[[ TASK INPUT, beginning ]]

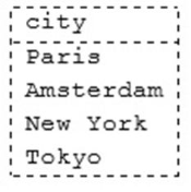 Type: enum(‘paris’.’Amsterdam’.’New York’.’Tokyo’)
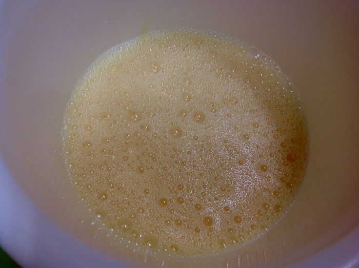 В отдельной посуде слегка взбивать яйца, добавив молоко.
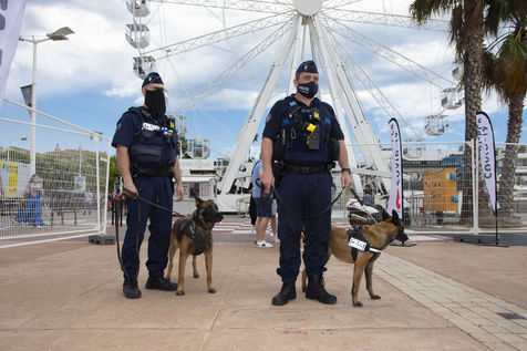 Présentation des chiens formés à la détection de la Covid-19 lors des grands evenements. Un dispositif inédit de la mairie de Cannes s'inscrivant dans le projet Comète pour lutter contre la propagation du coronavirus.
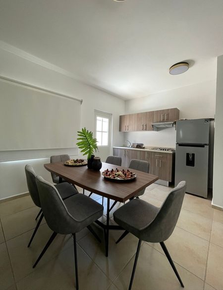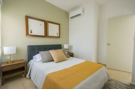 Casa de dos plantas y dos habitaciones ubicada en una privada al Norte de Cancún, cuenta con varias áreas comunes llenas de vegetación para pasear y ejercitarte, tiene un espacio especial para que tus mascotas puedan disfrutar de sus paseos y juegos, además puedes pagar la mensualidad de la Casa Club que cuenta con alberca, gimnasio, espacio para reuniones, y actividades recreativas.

[[ TASK INPUT, end ]]
[[ TASK INPUT, beginning ]]

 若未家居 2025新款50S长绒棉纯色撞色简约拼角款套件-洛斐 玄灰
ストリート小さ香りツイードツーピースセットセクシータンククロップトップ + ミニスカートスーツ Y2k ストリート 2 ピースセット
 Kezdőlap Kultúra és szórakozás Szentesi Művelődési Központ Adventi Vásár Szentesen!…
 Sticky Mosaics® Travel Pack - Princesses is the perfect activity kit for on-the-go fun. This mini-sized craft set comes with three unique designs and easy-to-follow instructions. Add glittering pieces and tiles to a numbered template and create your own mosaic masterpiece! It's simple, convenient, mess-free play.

[[ TASK INPUT, end ]]

# [DIRECTIONS]
With the pictures omitted, restate word for word the lines above from the line that has "Type: enum(‘paris’.’Amsterdam’.’New York’.’Tokyo’)" up to and including the line that has "Casa de dos", and no other lines.

# [ANSWER TO THIS TASK]
 Type: enum(‘paris’.’Amsterdam’.’New York’.’Tokyo’)
 В отдельной посуде слегка взбивать яйца, добавив молоко.
 Présentation des chiens formés à la détection de la Covid-19 lors des grands evenements. Un dispositif inédit de la mairie de Cannes s'inscrivant dans le projet Comète pour lutter contre la propagation du coronavirus.
 Casa de dos plantas y dos habitaciones ubicada en una privada al Norte de Cancún, cuenta con varias áreas comunes llenas de vegetación para pasear y ejercitarte, tiene un espacio especial para que tus mascotas puedan disfrutar de sus paseos y juegos, además puedes pagar la mensualidad de la Casa Club que cuenta con alberca, gimnasio, espacio para reuniones, y actividades recreativas.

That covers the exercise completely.